IRA Monte Carlo (hacking the performance of your retirement account) - mshafrir
http://www.businessweek.com/magazine/content/11_16/b4224052439122.htm

======
th
Here's a more detailed version of the example:

1\. Single IRA ABCD worth $4 million dollars 2\. IRA ABCD split into 4 1
million dollar IRAs: IRA A, IRA B, IRA C, IRA D

3\. Investor converts IRA A, IRA B, IRA C, and IRA D to Roth IRAs in January
2012 (conversion counts again 2012 taxes)

4\. Before April 15 2013, investor extends their tax return to October 15 2013

5\. In October 2013 investor notices IRA B and IRA C had losses so they decide
to recharacaterize their Roth IRA conversion (undo it)

6\. Investor files their tax return by October 15 and only pays taxes on the
conversion of IRA A and IRA B into Roth IRAs.

I think the "21 months" mentioned in the article is specific to this case. I
believe recharacterization of a Roth conversion must occur before filing taxes
for the conversion.
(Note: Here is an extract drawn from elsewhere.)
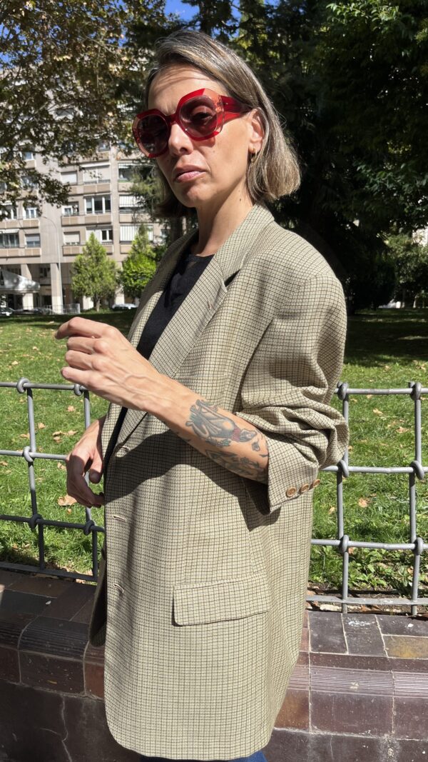 Americana de inspiración sastre con volumen generoso y caída limpia en un ante sintético (100% poliéster) de tacto muy suave. Presenta solapa de muesca amplia, hombro estructurado con hombrera media y cierre frontal de tres botones. El patronaje incorpora pinzas verticales y costadillos que ordenan la silueta sin ceñir, bajo…

So if the investor converted their traditional IRAs to
Roth IRAs in December 2012, the conversion would count against 2012 taxes and
they would still only have until October 15, 2013 (10 months).

There are multiple potential benefits from this, the most obvious one being
that if the investor then converted IRA B and IRA C to Roth on October 16,
2013 they would owe less taxes since the values of those accounts has gone
down.